─── RECORD EXCERPTS ───

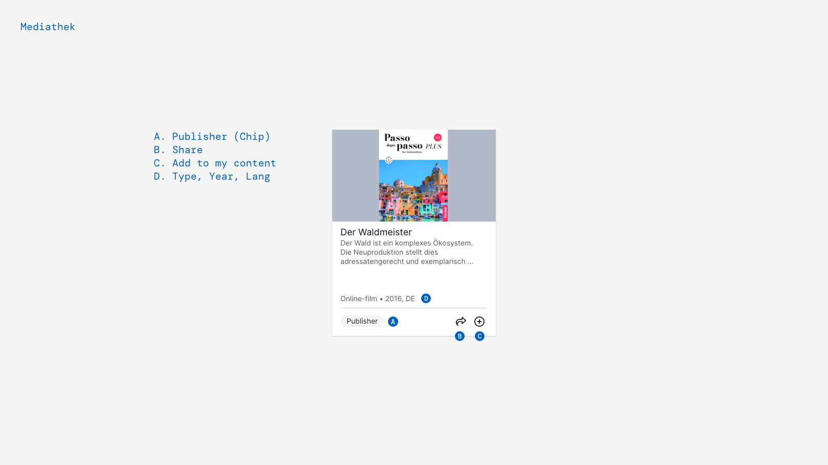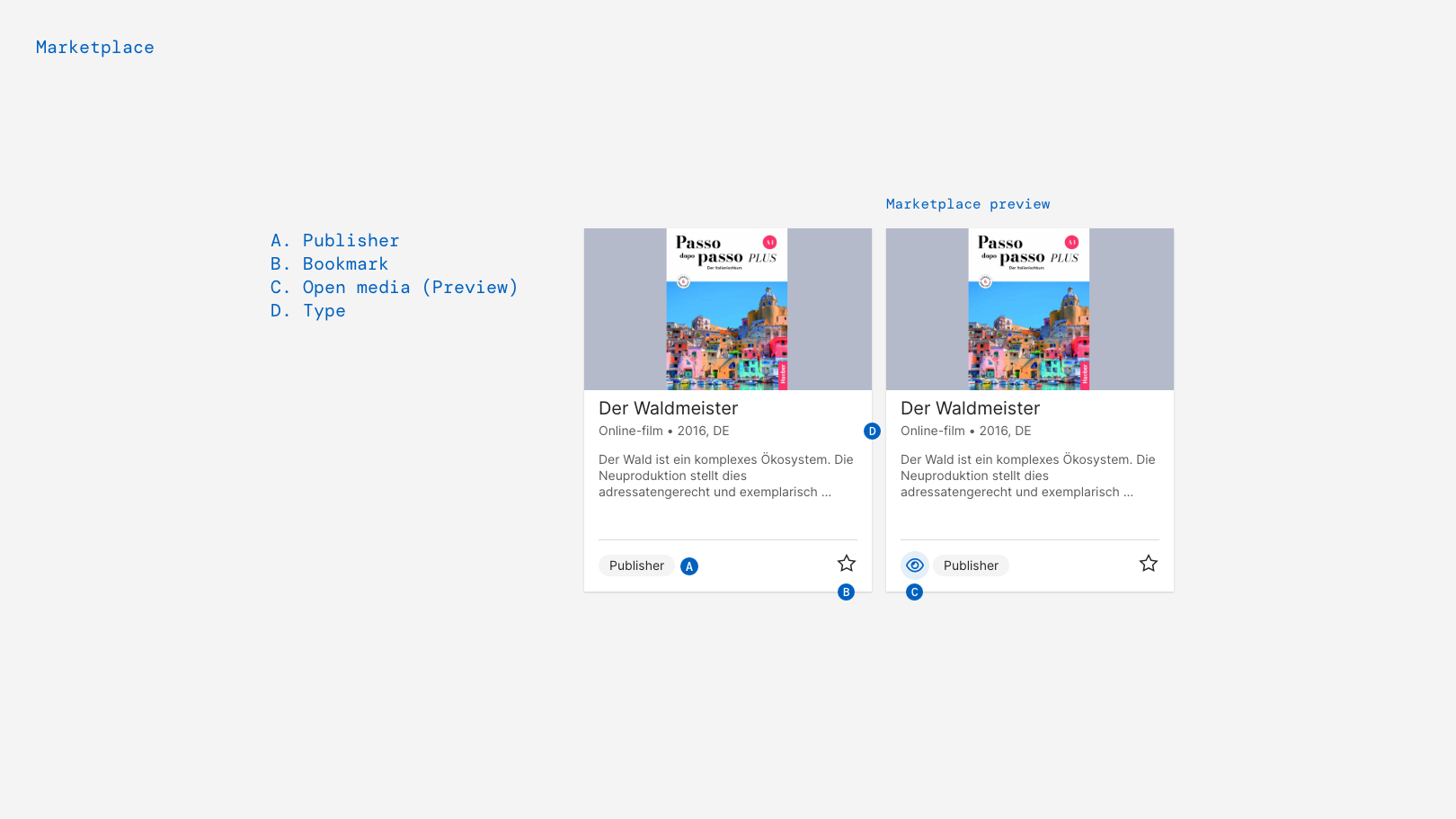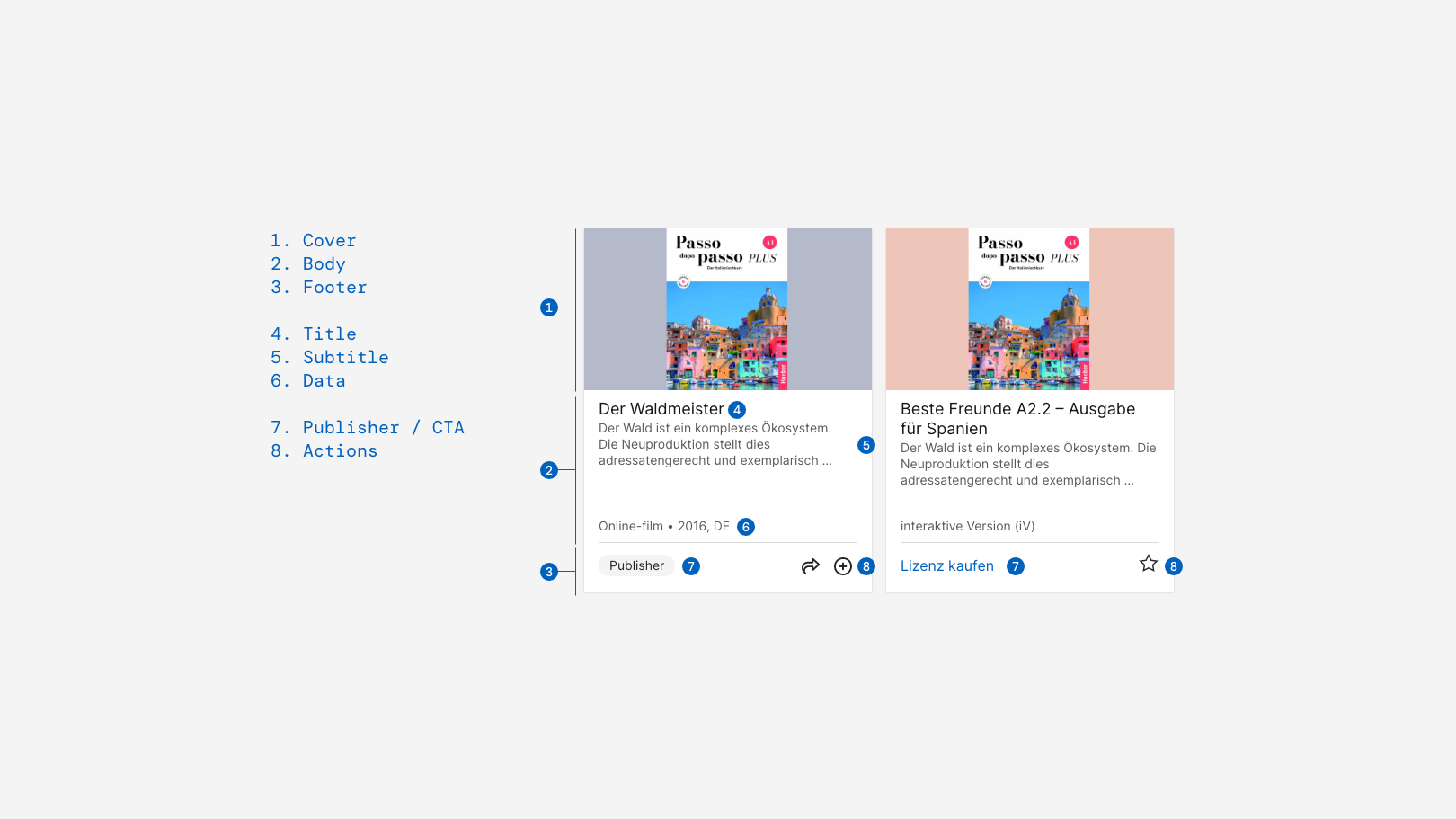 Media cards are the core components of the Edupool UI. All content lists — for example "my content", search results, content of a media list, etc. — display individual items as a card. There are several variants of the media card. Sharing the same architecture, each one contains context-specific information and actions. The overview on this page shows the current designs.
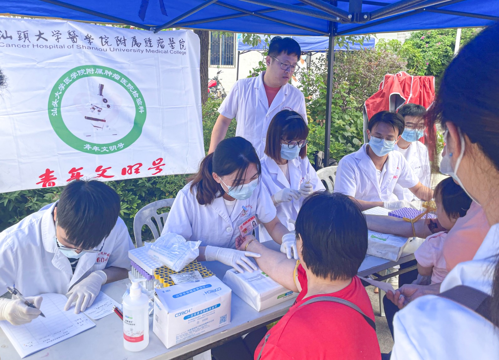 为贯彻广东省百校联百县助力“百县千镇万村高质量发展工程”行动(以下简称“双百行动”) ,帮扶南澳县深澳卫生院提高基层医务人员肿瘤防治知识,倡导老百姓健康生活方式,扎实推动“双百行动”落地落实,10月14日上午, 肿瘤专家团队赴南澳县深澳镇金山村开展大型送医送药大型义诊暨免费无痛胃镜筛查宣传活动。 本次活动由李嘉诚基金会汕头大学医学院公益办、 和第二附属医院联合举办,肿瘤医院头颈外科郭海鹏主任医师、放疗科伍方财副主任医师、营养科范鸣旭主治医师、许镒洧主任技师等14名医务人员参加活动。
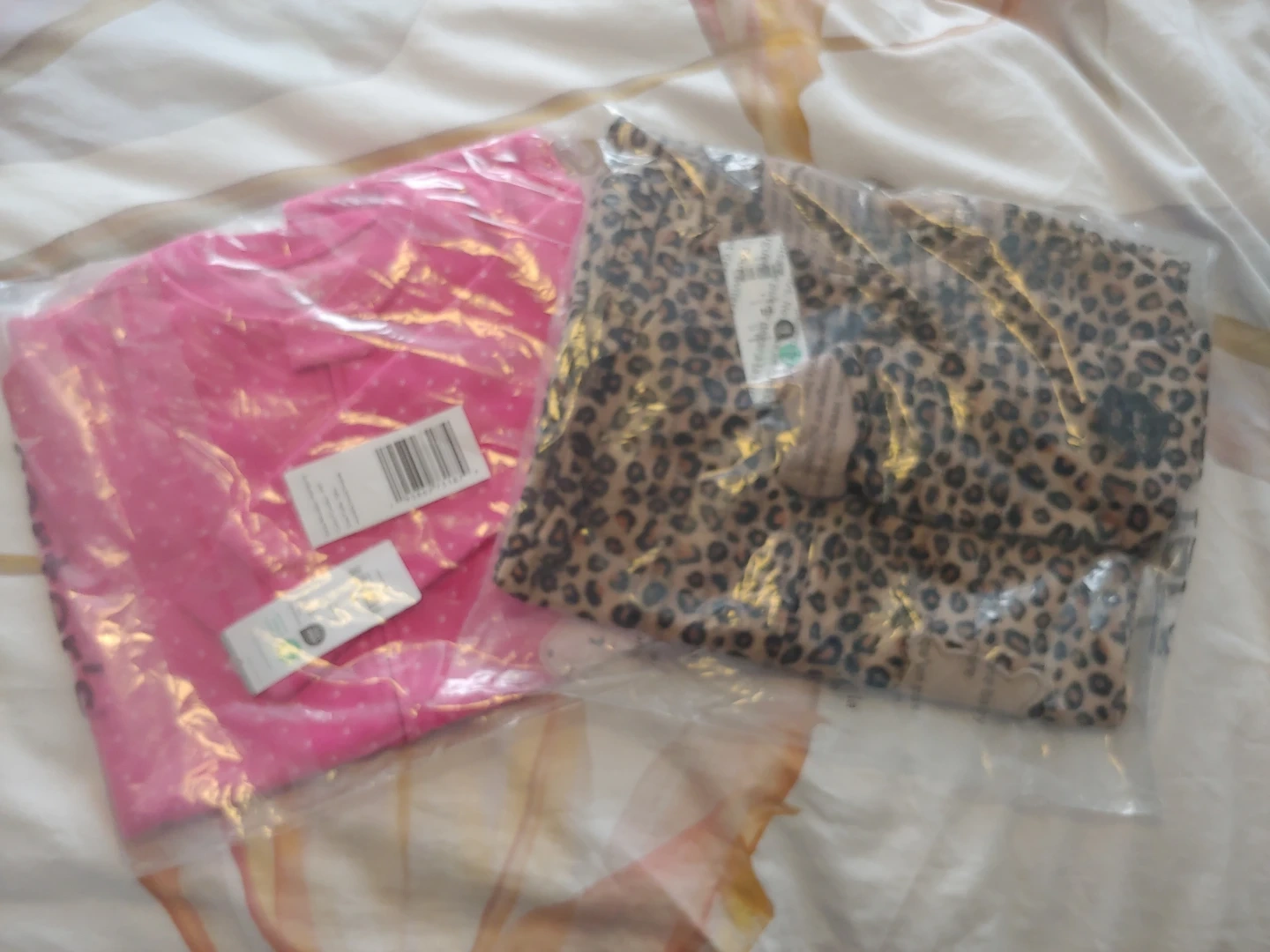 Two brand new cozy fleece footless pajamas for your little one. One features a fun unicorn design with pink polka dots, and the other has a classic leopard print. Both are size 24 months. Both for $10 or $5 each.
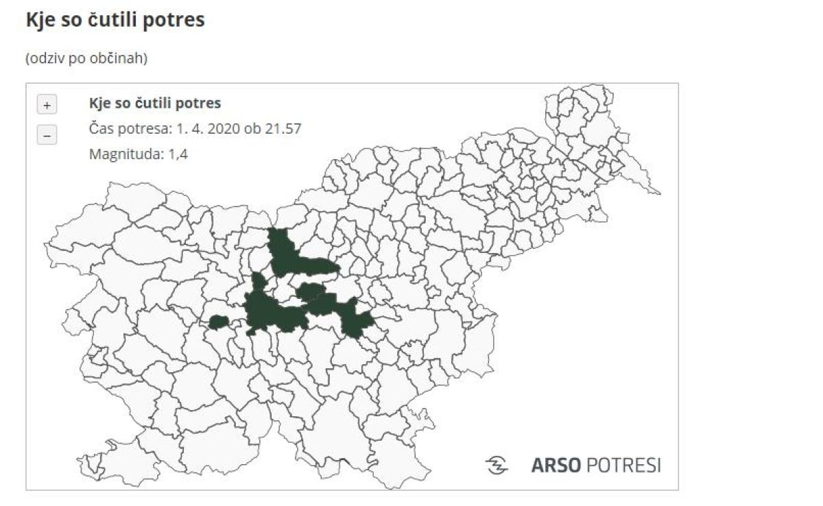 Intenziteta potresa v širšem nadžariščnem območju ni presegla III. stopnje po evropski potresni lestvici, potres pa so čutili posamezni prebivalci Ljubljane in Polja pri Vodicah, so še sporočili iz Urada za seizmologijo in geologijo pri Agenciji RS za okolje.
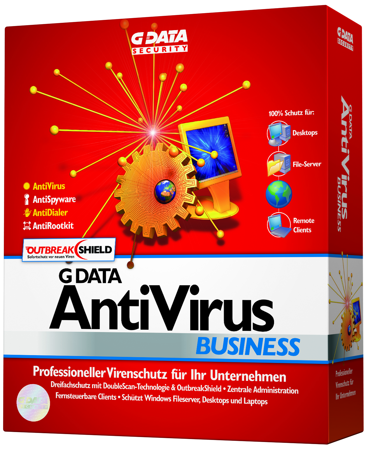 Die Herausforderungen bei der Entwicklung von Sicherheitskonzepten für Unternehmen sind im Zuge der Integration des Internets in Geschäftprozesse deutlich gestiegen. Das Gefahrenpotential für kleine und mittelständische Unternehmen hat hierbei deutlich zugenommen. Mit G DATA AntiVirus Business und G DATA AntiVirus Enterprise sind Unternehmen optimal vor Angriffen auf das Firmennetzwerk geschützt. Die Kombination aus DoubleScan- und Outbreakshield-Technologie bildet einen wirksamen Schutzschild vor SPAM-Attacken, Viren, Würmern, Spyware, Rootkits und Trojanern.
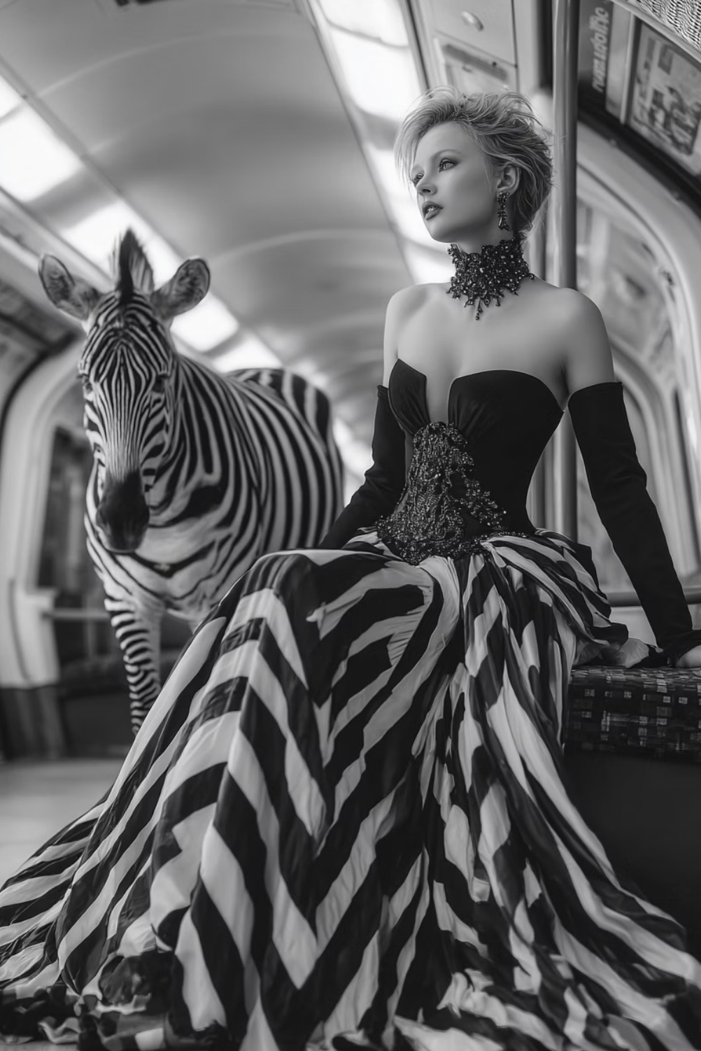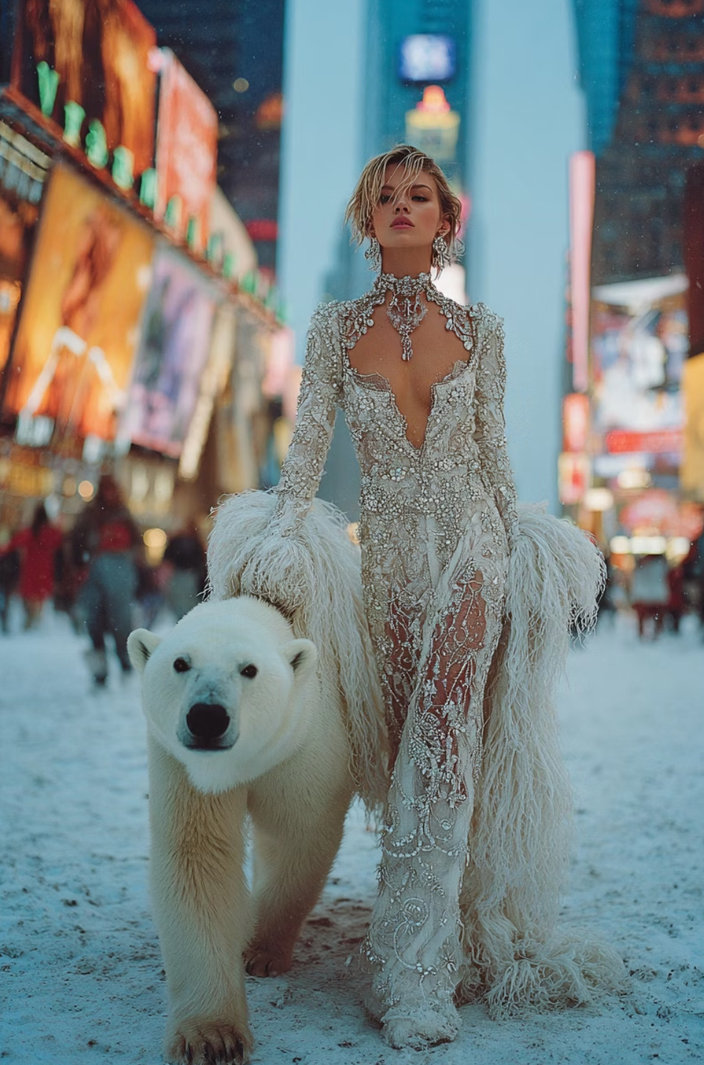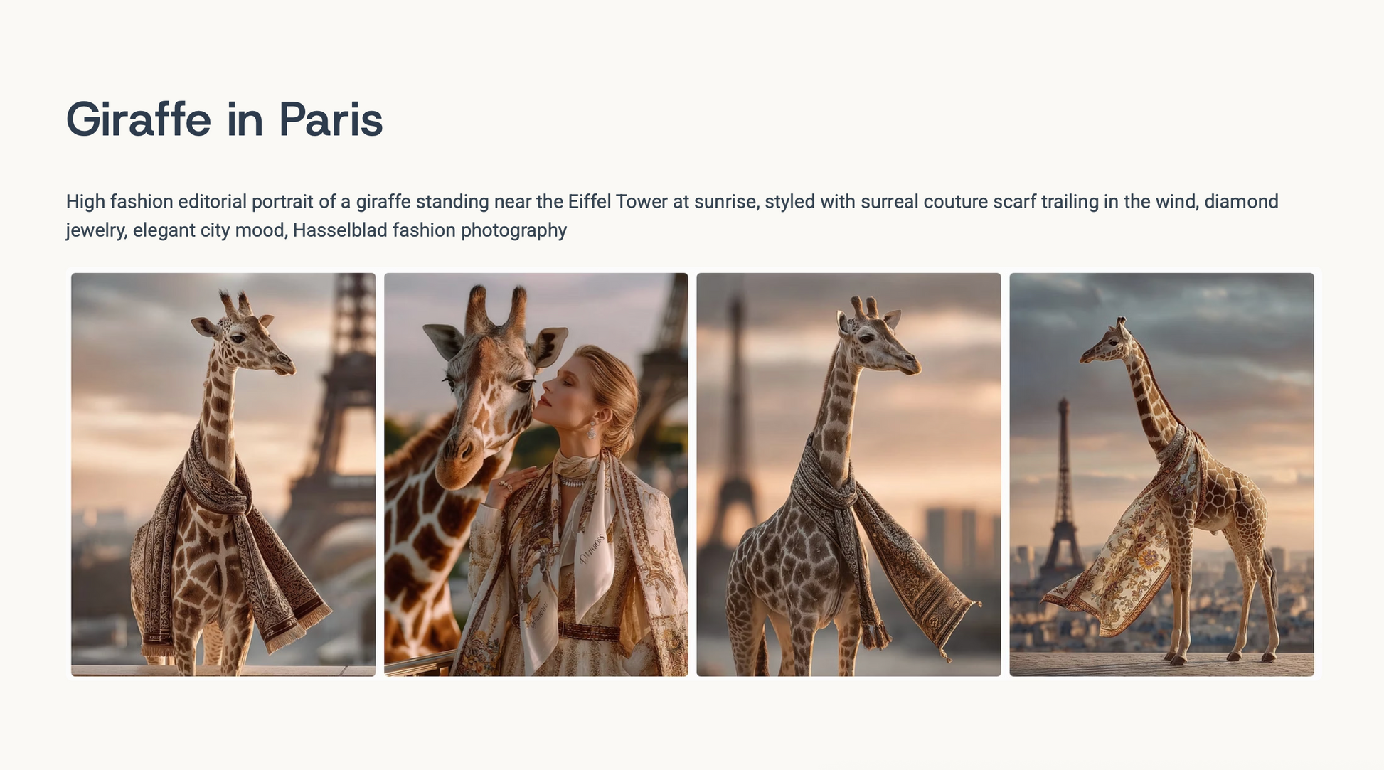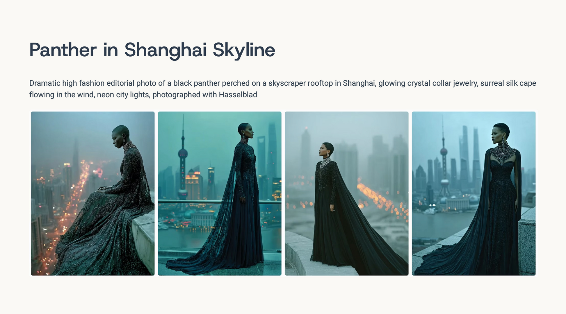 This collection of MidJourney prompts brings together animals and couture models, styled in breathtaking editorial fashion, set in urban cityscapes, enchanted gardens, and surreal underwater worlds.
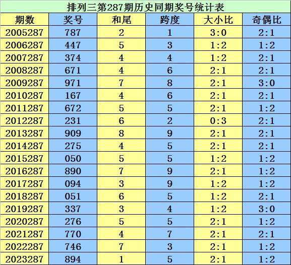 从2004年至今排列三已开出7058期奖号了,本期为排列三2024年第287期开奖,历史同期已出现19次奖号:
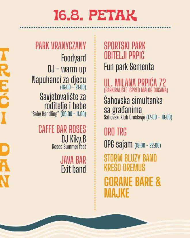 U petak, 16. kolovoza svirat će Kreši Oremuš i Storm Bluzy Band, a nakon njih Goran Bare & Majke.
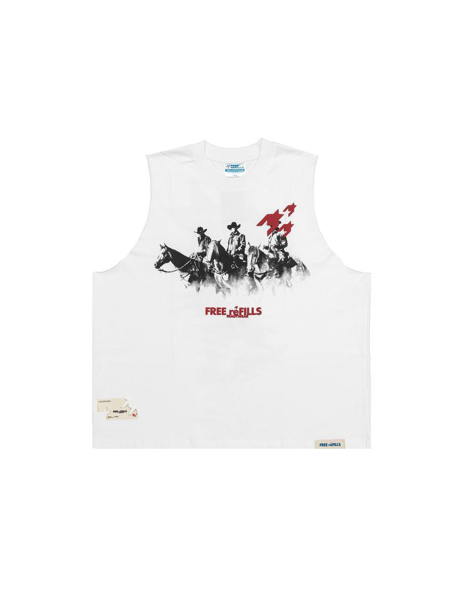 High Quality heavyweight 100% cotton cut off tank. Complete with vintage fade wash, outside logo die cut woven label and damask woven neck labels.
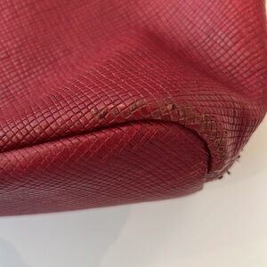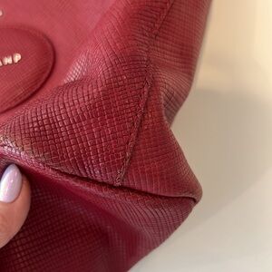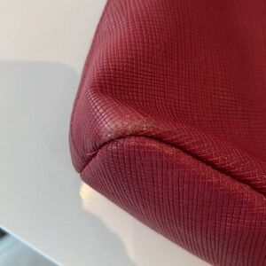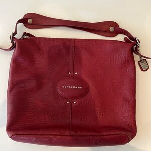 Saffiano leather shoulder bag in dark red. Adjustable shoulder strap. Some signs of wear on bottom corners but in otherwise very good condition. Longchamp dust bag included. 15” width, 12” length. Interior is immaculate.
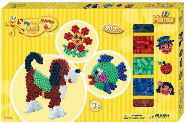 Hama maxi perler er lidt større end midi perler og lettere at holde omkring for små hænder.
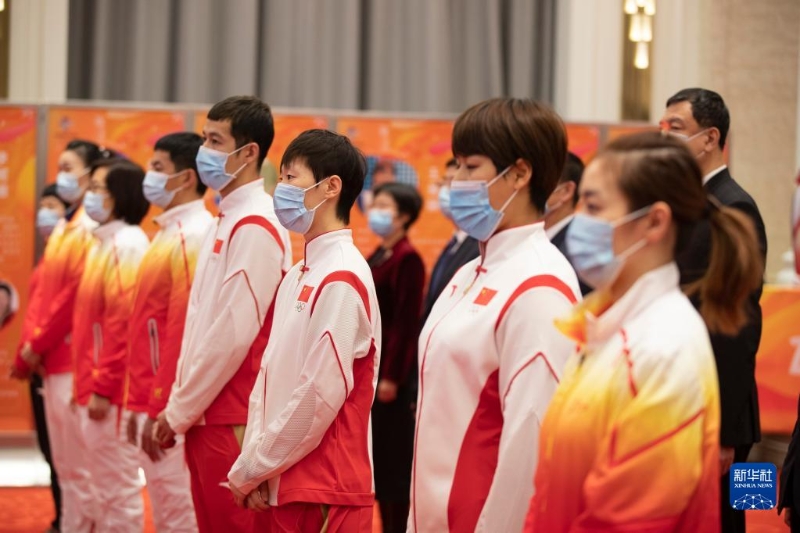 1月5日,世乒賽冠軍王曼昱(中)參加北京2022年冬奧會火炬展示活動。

───

■ **WHAT YOU SHOULD DO**: In the records above, locate the line containing "Hama maxi perler", then copy exactly that line and every line after it through the end, omitting pictures.

■ **SOLUTION FOR THIS TASK**:
 Hama maxi perler er lidt større end midi perler og lettere at holde omkring for små hænder.
 1月5日,世乒賽冠軍王曼昱(中)參加北京2022年冬奧會火炬展示活動。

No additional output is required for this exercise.